Use wildcard SUMIF, COUNTIF, SUMIFS, COUNTIFS, and other IFS functions

You can use the wildcard characters ? (any single character) and * (no character or any number of characters) in the criteria for alphabetical ranges as part of the SUMIF, COUNTIF, SUMIFS, COUNTIFS, and other IFS functions.

Choose method for period-to-date and cumulative SUMs

There are two methods of doing period-to-date or cumulative SUMs. Suppose the numbers that you want to cumulatively SUM are in column A, and you want column B to contain the cumulative sum; you can do either of the following:

  • You can create a formula in column B such as =SUM($A$1:$A2) and drag it down as far as you need. The beginning cell of the SUM is anchored in A1, but because the finishing cell has a relative row reference, it automatically increases for each row.

  • You can create a formula such as =$A1 in cell B1 and =$B1+$A2 in cell B2 and drag it down as far as you need. This calculates the cumulative cell by adding this row's number to the previous cumulative SUM.

For 1,000 rows, the first method makes Excel do about 500,000 calculations, but the second method makes Excel do only about 2,000 calculations.

Calculate subset sums

When you have multiple sorted indexes to a table (for example, Site within Area) you can often save significant calculation time by dynamically calculating the address of a subset range of rows (or columns) to use in the SUM or SUMIF function.

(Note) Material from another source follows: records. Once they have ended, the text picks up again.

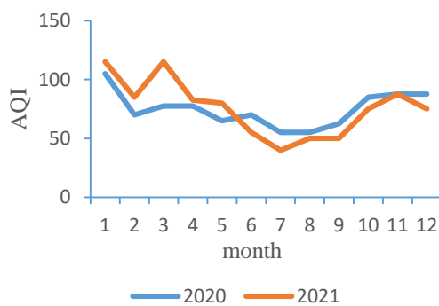
Figure 2. Monthly average statistical chart of air quality index (AQI) in Jiaozuo agglomeration area

From Figure 1, it can be seen that from 2019 to 2021, the single index of PM 2.5 is between 1.37 and 1.80, the single index of PM 10 is between 1.43 and 1.56, the single index of SO 2 is between 0.17 and 0.22, the single index of NO 2 is between 0.70 and 0.93, the single index of O 3 is between 0.19 and 0.55, and the single index of CO is between 0.17 and 0.22. The five factor indexes of SO 2 , NO 2 , PM 2.5 and CO show a downward trend year by year, and the SO 2 index has no significant change. The PM 10 index increased from 1.43 to 1.46 in 2021 compared with 2020. From the perspective of individual index, PM 2.5 and PM 10 were the main pollutants. The average concentration of air quality in Jiaozuo City for 24 hours was calculated monthly and the air quality index was calculated, and Fig.2. It can be seen from Fig.2 that the average value of AQI in the study area increased from October to the highest value in January of the second year, decreased from January to July, and the lowest value in August.
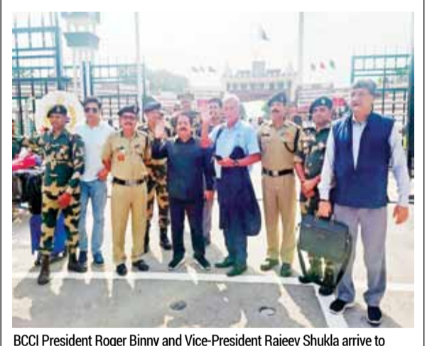
BCCI President Roger Binny and Vice-President Rajeev Shukla arrive to cross the Attari-Wagah border to visit Pakistan for Asia Cup 2023, about 35 kilometers (22 miles) from Amritsar on Monday.

per-4 that has a reserve day is India against Pakistan; all other matches will be cancelled in case of rain. Earlier, on September 2, the match between India and Pakistan was called off due to weather. Due to rain in the middle of the match, only one innings could be played and no balls could be thrown in the second innings. India won the toss and batted first, scoring 266 runs. Neither the spectators on the field nor those watching the India-Pakistan encounter after a year on TV could enjoy the match adequately.
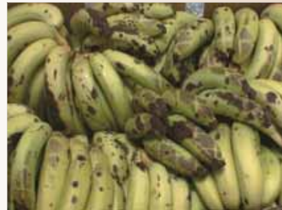
'Green ripe' fruits
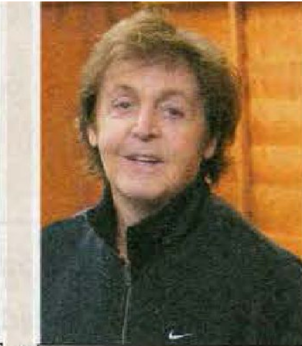
3 Sir Paul McCartney
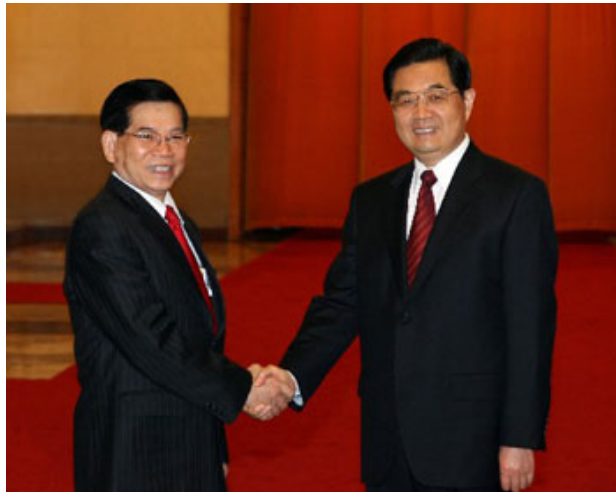
Vietnamese Pres. Nguyen Ming Triet and Chinese President Hu Jintao affirm relations in 2005

stability, orientation toward the future, good neighborliness and friendship, and all round cooperation" in the spirit of "good neighbors, good friends, good comrades, and good partners."
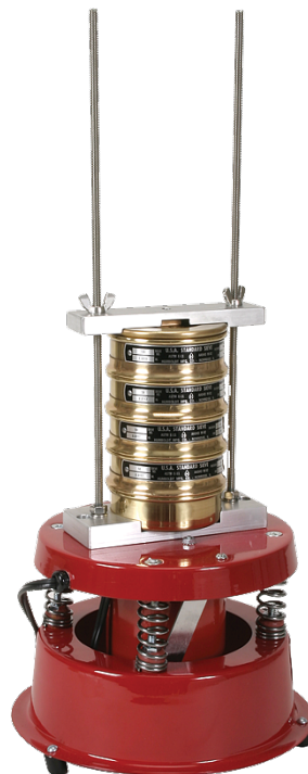
H-4326.5F Sieve Shaker for 3" Sieves
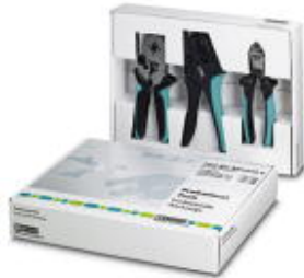
Tool set, equipped

Please be informed that the data shown in this PDF Document is generated from our Online Catalog. Please find the complete data in the user's documentation. Our General Terms of Use for Downloads are valid ( http://phoenixcontact.com/download )
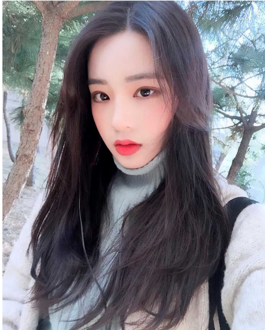
The most naturally puffy long hairstyle
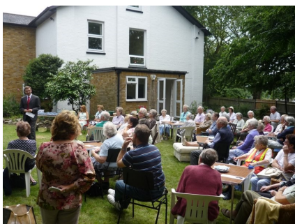
Vicarage tea party
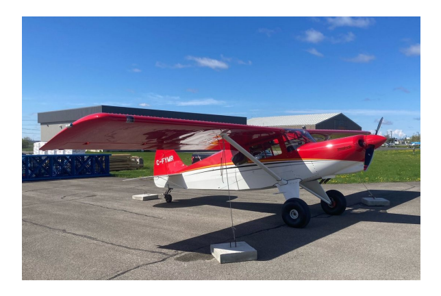
Bearhawk 4-Place Complete Cover Set, BEFORE
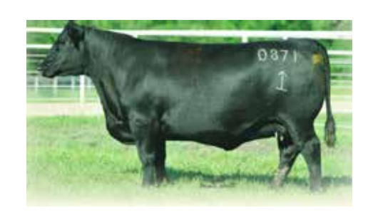
Sandpoint Lady Erica 0871, the foundation grandam of 287.

287 is a heavy muscled, sharp fronted, powerful individual that is easy to pick out. He has plenty of performance to wean the big, heavy steer calves for sure. His dam, 587, raised one of the best few every year and his grandam is still here nursing a calf at 14. Keep females by this guy, and you will really enjoy looking at them.
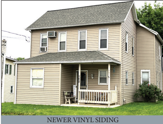
NEWER VINYL SIDING

2-UNIT RESIDENTIAL APARTMENTS * EACH 2-BR WELL MAINTAINED * OFF-STREET PARKING * NICE TUESDAY, JUNE 21, 2022 @ 7:00 PM
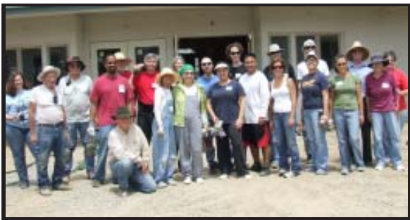
Annual Work-a-thon for Peace & Justice May 2009

"Gardeners 4 Peace," a group of volunteers who came together to take care of our permaculture garden, continue their efforts. In addition to weeding and taking care of the fruit trees, they have started an active program of composting on the property and composting workshops have been held. The mulch waddles they made last year are amazingly successful at holding water on the property. The trees are bearing delicious fruit; come by some time and sample the "fruits" of their labor. To help or for info on gardening and composting workshops, contact them at gardeners4peace@hotmail.com
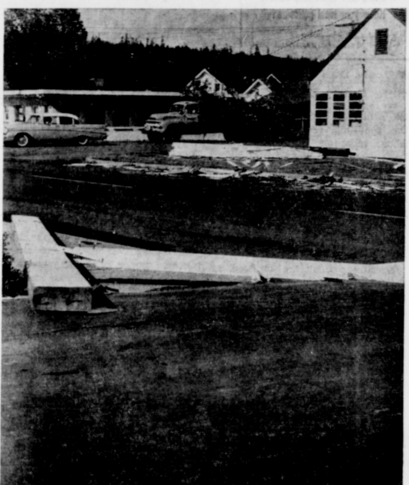
IN FOREGROUND is part of high school carport from east end of building where wind dropped it over hedge and sidewalk in front. Remainder of roof sailed across street into front yard of H. H. Sturdevant home where it struck foundation of house, causing some damage.
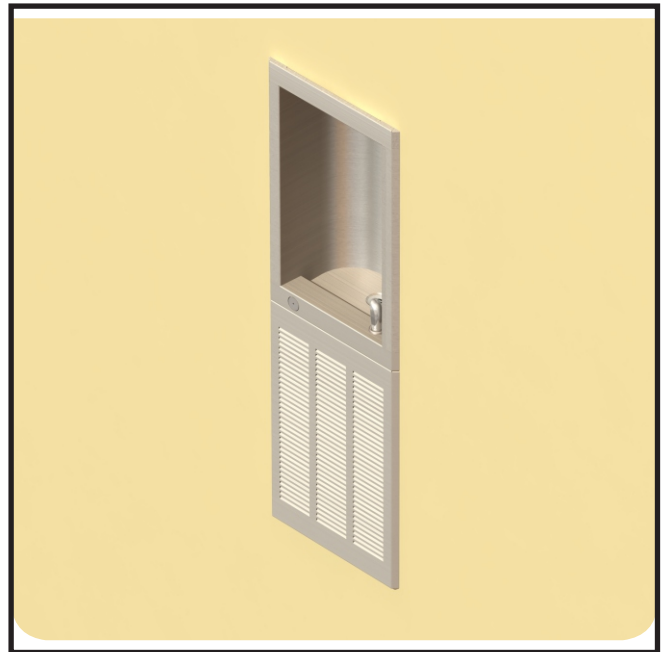
“INDOOR USE ONLY”

To calculate the address of a subset range of row or columns:

  1. Count the number of rows for each subset block.

  2. Add the counts cumulatively for each block to determine its start row.

  3. Use OFFSET with the start row and count to return a subset range to the SUM or SUMIF that covers only the subset block of rows.

Use SUBTOTAL for filtered lists

Use the SUBTOTAL function to SUM filtered lists. The SUBTOTAL function is useful because, unlike SUM, it ignores the following:

  • Hidden rows that result from filtering a list. Starting in Excel 2003, you can also make SUBTOTAL ignore all hidden rows, not just filtered rows.

  • Other SUBTOTAL functions.

Use the AGGREGATE function

The AGGREGATE function is a powerful and efficient way of calculating 19 different methods of aggregating data (such as SUM, MEDIAN, PERCENTILE and LARGE). AGGREGATE has options for ignoring hidden or filtered rows, error values, and nested SUBTOTAL and AGGREGATE functions.

Avoid using DFunctions

The DFunctions DSUM, DCOUNT, DAVERAGE, and so on are significantly faster than equivalent array formulas. The disadvantage of the DFunctions is that the criteria must be in a separate range, which makes them impractical to use and maintain in many circumstances. Starting in Excel 2007, you should use SUMIFS, COUNTIFS, and AVERAGEIFS functions instead of the DFunctions.

Create faster VBA macros

Use the following tips to create faster VBA macros.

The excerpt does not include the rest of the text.